== Segment start ==

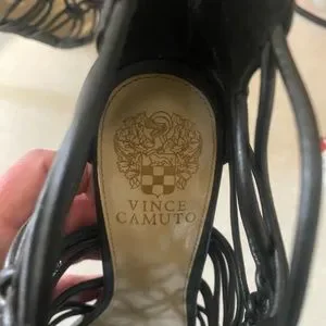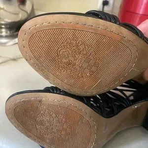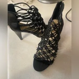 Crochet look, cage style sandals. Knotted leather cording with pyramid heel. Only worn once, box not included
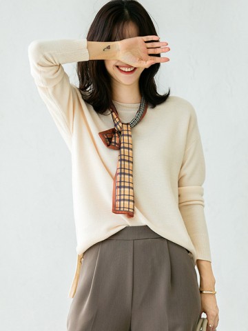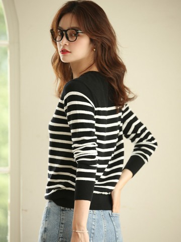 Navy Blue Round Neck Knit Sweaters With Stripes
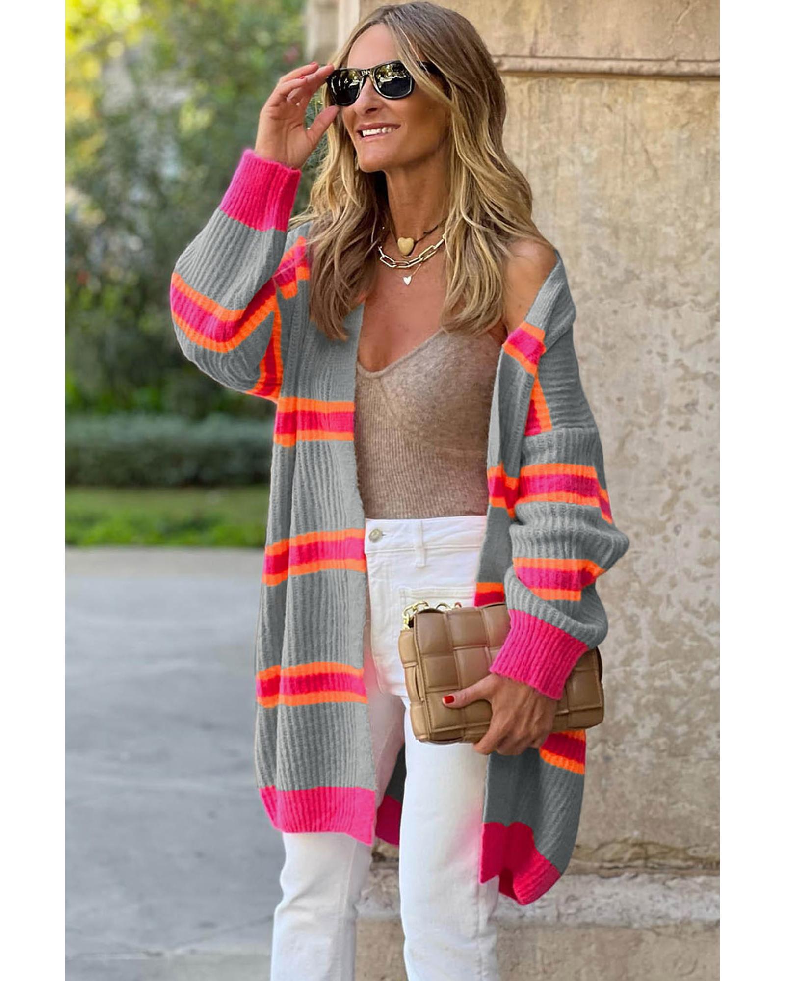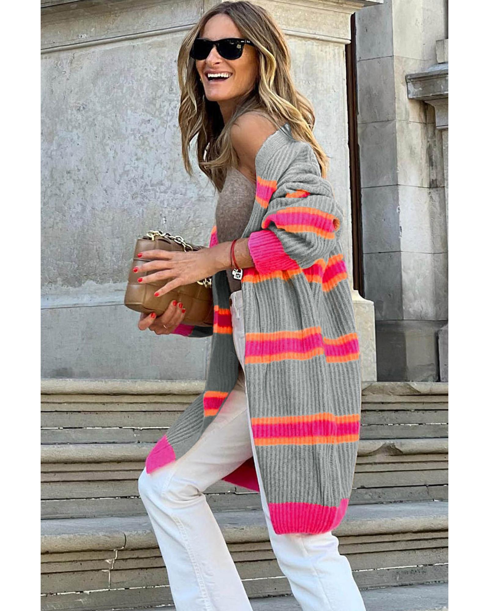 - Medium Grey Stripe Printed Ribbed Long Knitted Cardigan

== Segment end ==

What to produce
Every line of the listing above is to be repeated exactly, with its pictures left out.

Expected answer
 Crochet look, cage style sandals. Knotted leather cording with pyramid heel. Only worn once, box not included
 Navy Blue Round Neck Knit Sweaters With Stripes
 - Medium Grey Stripe Printed Ribbed Long Knitted Cardigan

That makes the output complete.